Ab93915

Protein lysates were loaded and resolved under denaturing conditions on a NuPAGE 3% to 8% Tris-Acetate gel or NuPAGE 4% to 20% Tris-Glycine gel. Lysate was transferred to a PVDF membrane overnight at 40 mA at 4°C. Skim milk at 5% in 1× TBST buffer was used as a blocking agent. Primary antibodies used for Western blotting include mouse anti-FLAG 1:1000 (Sigma-Aldrich F1804), rabbit anti-HA 1:1000 (CST C29F4), rabbit anti-MYOM1 1:1000 (Abcam ab201228), mouse anti-cardiac troponin T 1:500 (Abcam ab8295), rabbit anti-MYOM2 1:500 (Abcam ab93915), rabbit anti-TUBB 1:1000 (Abcam ab6046), mouse anti-MuRF1 (muscle RING-finger protein 1) 1:1000 (Santa Cruz sc-398608), and rabbit anti-CAPN3 (calpain 3) 1:1000 (Proteintech 104-92-1-AP).
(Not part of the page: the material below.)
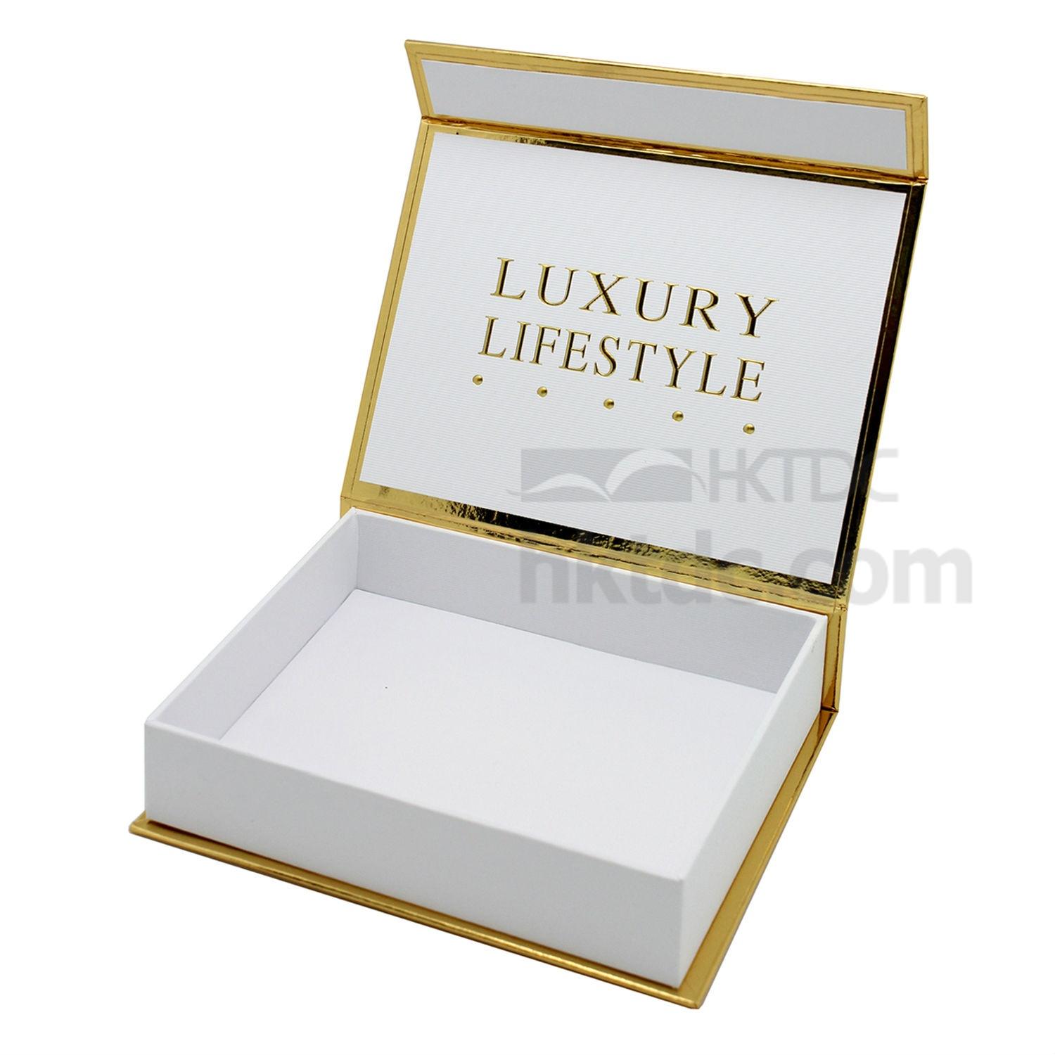It is made of luxury fancy paper with hot stamping and embossing effect, front flap can be opened for decoration.

Blots were blocked for at least 30 minutes at room temperature before addition to primary antibodies, incubated at 4°C overnight, and washed 3× with TBST before addition of mouse or rabbit secondary antibodies (Abcam ab97023, ab205718). Secondary antibodies were applied for 1 to 2 hours at 1:5000, washed 3× with TBST, and detected using Clarity Western ECL chemiluminescent substrates per the manufacturer’s protocol (Bio-Rad 1705060).